Task item:
Print the data exactly as written, but leave out each picture.

*** Dataset excerpt Section Begins ***

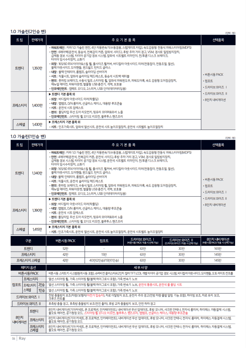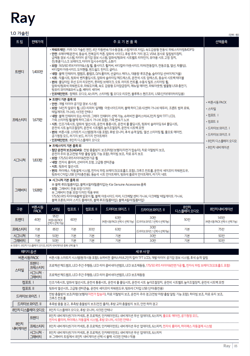- 프레스티지: 14인치 알로이휠, 버튼시동, 8인치 디스플레이 오디오 기본 제공
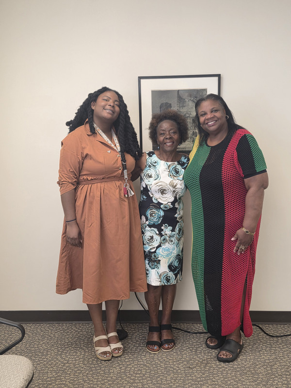 PHOTOS: Amber Davis, LSW, Learning Resource Center Coordinator, community activist Ms. Hattie Hayes and Jaye Willis, Executive Director of The East St. Louis Historical Society
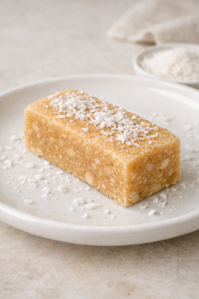 Barritas suaves de anacardo y coco sin azúcar, tiernas, saciantes y perfectas para un snack casero.
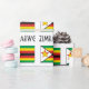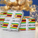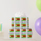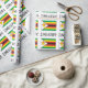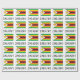 The Zimbabwean Flag has seven stripes. One is black and in the centre. Two are red and are top and bottom of the black stripe. Yellow stripes border the red ones, with green bordering each yellow stripe. A white triangle shows on the left with a red star and a yellow Zimbabwean bird. In this design the flag shows with the word ZIMBABWE below in black letters. Looks cool on this wrapping paper.

*** Dataset excerpt Section Ends ***

Task response:
- 프레스티지: 14인치 알로이휠, 버튼시동, 8인치 디스플레이 오디오 기본 제공
 PHOTOS: Amber Davis, LSW, Learning Resource Center Coordinator, community activist Ms. Hattie Hayes and Jaye Willis, Executive Director of The East St. Louis Historical Society
 Barritas suaves de anacardo y coco sin azúcar, tiernas, saciantes y perfectas para un snack casero.
 The Zimbabwean Flag has seven stripes. One is black and in the centre. Two are red and are top and bottom of the black stripe. Yellow stripes border the red ones, with green bordering each yellow stripe. A white triangle shows on the left with a red star and a yellow Zimbabwean bird. In this design the flag shows with the word ZIMBABWE below in black letters. Looks cool on this wrapping paper.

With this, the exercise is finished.